Lungi dall’essere considerato struttura esistenziale e agente vitale, così come è declinato nel platonismo storico e universale, eros è stato ampiamente banalizzato e impoverito. Eros è stato ed è stolidamente abusato, degradato, ridotto a mercanzia o, come si dice oggi, elemento efficace e quasi indispensabile del merchandising cinematografico e letterario (si fa per dire). Eros oggi -in generale- non muove vitalità, ma subisce ordinarietà e noia.
Grazie a Dio non ovunque, ché vi sono esempi di amore espresso, solidale, concreto, visibile, in molti ambienti e situazioni, ma questi non fanno “titoli giornalistici”, non aumentano l’audience, non sono “mercanzia vendibile”. Ciononostante vi sono spazi immensi per eros, un eros che riesca a tenere conto della complessità e delle infinite connessioni della vita contemporanea.
Le difficoltà poste dalla crisi attuale, infliggono pesanti colpi alla relazione interumana, e quindi ad eros stesso, là dove i meccanismi della comunicazione hanno finito per sostituire quasi ovunque la “qualità della relazione”, e quindi un eros che sia luogo della condivisione tra un “io” e un altro “io”, ciascuno dei quali è “altro” (Lévinas).
La qualità della relazione si trova in una posizione sempre più negletta e continuamente attaccata dalla pervasività della mediatizzazione ogni giorno più tecnologica e spinta sul versante dell’automazione e della spersonalizzazione. Se qui pongo il tema della relazione, ho individuato in eros l’elemento e quasi la condizione antropologica che più di qualsiasi altra può essere interpellata per riprendere le fila di un dialogo intersoggettivo e, in definitiva, inter-umano.
Come si può mostrare che eros è in grado di evolvere risolutamente e profondamente la vita umana? Si può dire che eros-amore, nello scenario che qui disegnamo, non è solo eros nel senso di desiderio e passione fisica, dimensioni fondamentali e buone, ma è ancora di più “persistenza solidale”, come ciò che è “solido”, perché “solo” (ο̕λος), è ciò che “resiste”, “persiste”, “re-sta”, “include” senza possedere, appartenendo al vasto campo semantico del verbo greco ι̉̍στημι. Un “eros redento” contro la miseria del nostro tempo, che è “erotizzato”, ma senza cuore.
Per un tanto occorre recuperare la consapevolezza che solo eros, in quanto manifestazione della relazione può creare le condizioni di una intensificazione del dato umano nella relazione e della stessa dimensione cognitiva e razionale. La dimensione cognitiva e razionale, dopo la sbornia positivista e deterministica dello “scientismo”, abbisogna della “dimensione erotica”, e dunque affettiva, desiderante, mistica, come di un ossigeno spirituale, capace di dare senso alla relazione, e a quella tra uomo e donna in particolare, come “unità nella distinzione nella relazione”. In questo ambito vi è, dunque, anche un’erotica cristiana, del tutto umana, che cerco di esplorare.

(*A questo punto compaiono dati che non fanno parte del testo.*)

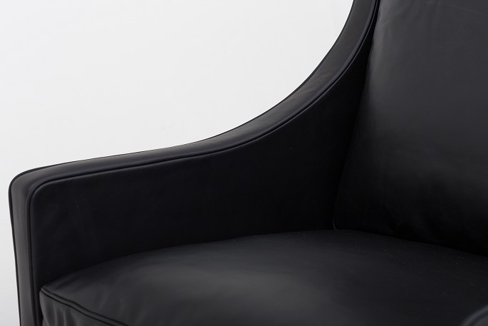BM 2204 - Reupholstered high back chair in black Savanne leather. We can offer upholstery of the BM 2204 in fabric or leather of your choice. Please contact us for more information.
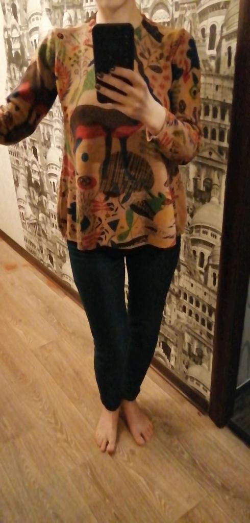 Цвет рыжий прислали, т. е. коричневый в их понимании, а не хаки, какой я заказывала. Может, фото Джума, как часто, врет. Постараюсь поменять. Для маленьких: у меня размер XS, и проем рукава прям под мышкой; в груди чуть-чуть - и тесно было бы, притом что у меня груди вообще-то нет. Кофта висит колокольчиком. Красиво. Стройнит. Плотная, без дыр и затяжек. Рисунок четкий, насыщенный. Вернули половину стоимости товара.
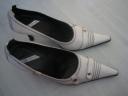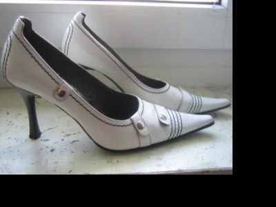 Prodám bílé kožené lodičky na 8,5 cm vysokém podpatku, zdobeny černým štepováním a cvočky. Jsou mírně nošené, ale v bezvadném stavu. Určeny spíše na uzší nožku, velice elegantní. Cena 350 Kč včetně poštovného.
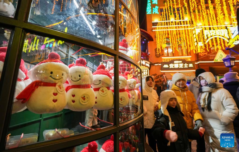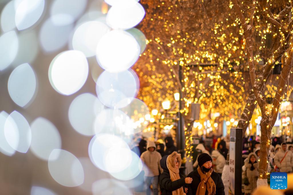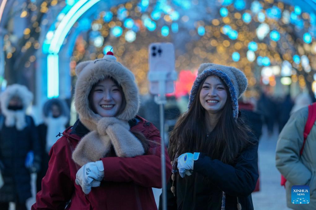People have fun on the Central Street in Harbin, northeast China's Heilongjiang Province, Jan. 11, 2026. As one of the most popular attractions in Harbin, the Central Street, which is renowned for its diverse European-style architecture, wows tourists with its colorful lights at night during the city's tourism boom this winter. (Xinhua/Wang Jianwei)
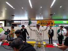 JR大宮駅の東西連絡通路で10月13日、「大宮駅東口・西口対抗連結大綱引き大会」が行われた。
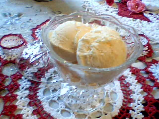 **Pentru cine nu are masina de inghetata, bateti bine compozitia cu mixerul (cam 3 min.) sau telul (6 min.)si dupa asta puneti compozitia in container de plasctic la congelator si o lasati cel putin 1 ora).
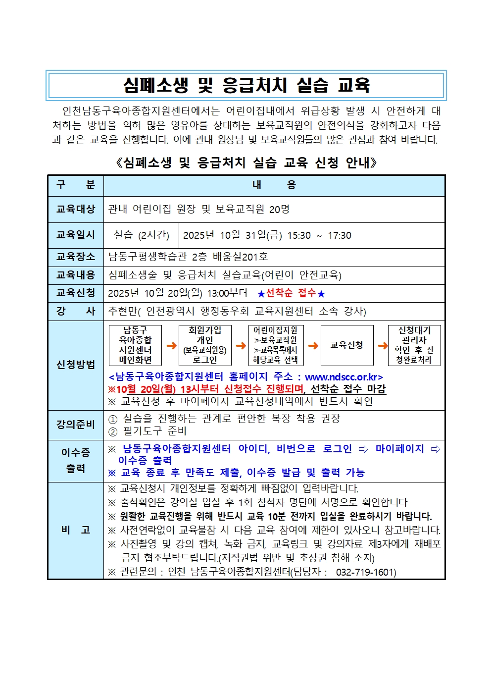 기타사항 | 이 교육은 2시간 실습교육이므로 온라인 2시간 이론교육을 이수하셔야 합니다! 이 교육은 실기교육으로 2시간 수료입니다. 교육시간은 15:30~17:30분입니다.이 교육은 실습교육으로 이수시간 2시간입니다 타구 보육교직원이 신청시 취소처리합니다. 남동구 관내사업으로 남동구교사에 한해서 승인처리됩니다. 사전에 온라인 등 이론교육을 2시간 이수할 것을 권장드립니다. 아래 어린이집 안전공제회 사이트 접속 이론 2시간 가능(1.15~12.31까지) https://e.csia.or.kr/user/edu/eduView.do?eduSeq=304&srchCtgry=50 실습에 적합한 복장을 착용하시기 바랍니다. 주차가 혼잡할 수 있으니 본청 주차장을 이용하시기 바랍니다. 문의 032-719-1601 |

Un’Ermeneutica filosofica e teologica dell’eros, può essere forse il luogo dove si può declinare la complessità e la difficoltà della vita reale odierna, in quanto insieme di nessi inscindibili, inestricabili e reciprocamente necessari, costitutivi dell’umano, per la ricerca del senso, in quanto relazione divinatoria del tutto e delle parti, nel misticismo della parola taciuta e immensa iperbole delle metafore, che sono il respiro dello spirito e la rappresentazione “segnica” della stessa Presenza di Dio.

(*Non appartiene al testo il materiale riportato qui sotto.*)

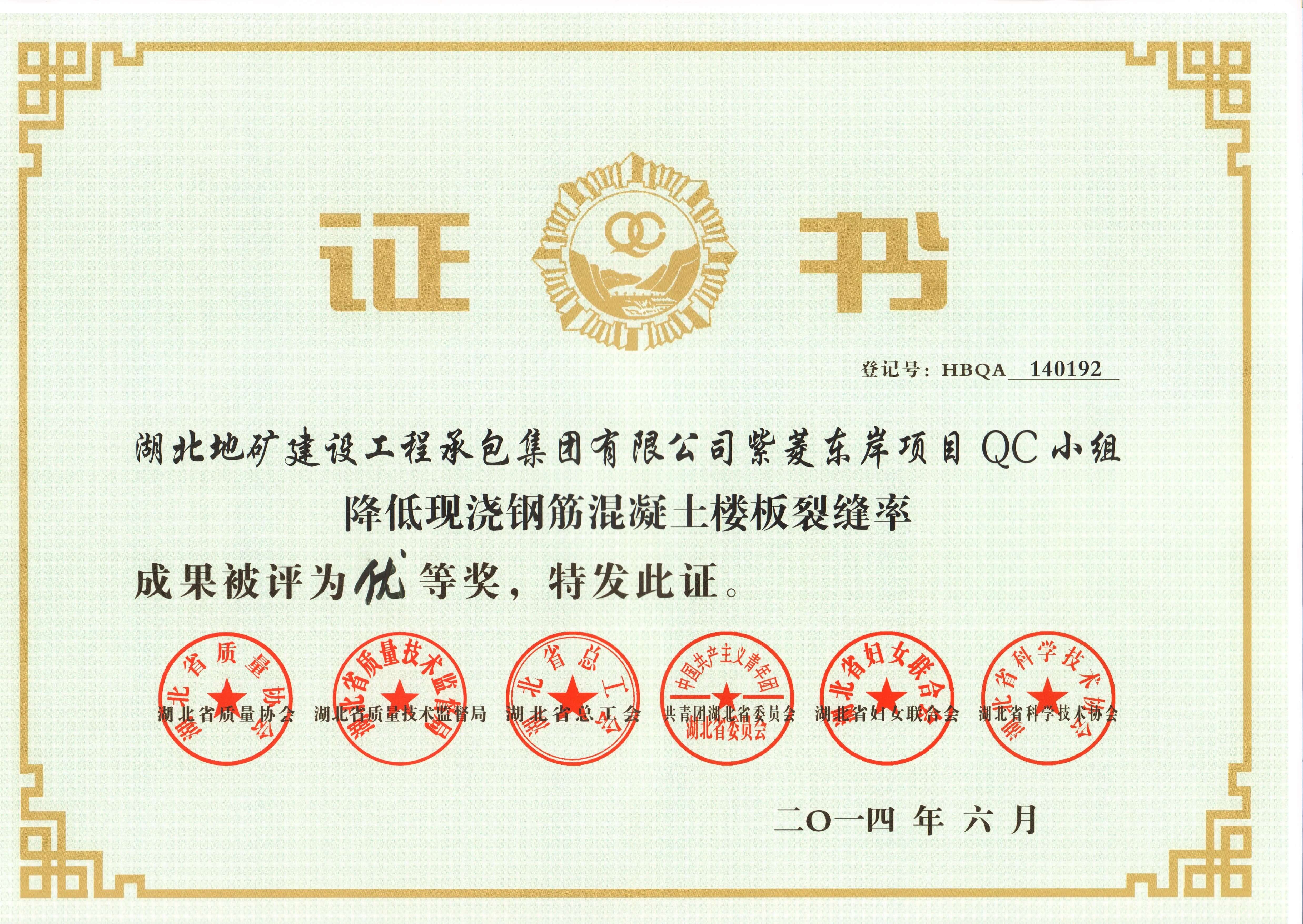承包公司紫菱東岸QC小組優(yōu)等獎(jiǎng)

In un’Ermeneutica filosofica e teologica dell’eros , che è mistica e inclusiva, troviamo infine anche la via (condivisibile dall’uomo), la verità (come effetto mistico dello stare-insieme) e la vita (come epifania della relazione), così come ci sono stati insegnati da Gesù stesso.
Perché nel nostro tempo, che è tempo di Dio tutto si conserva, tutto si illumina nel segno e nel senso dell’infinito.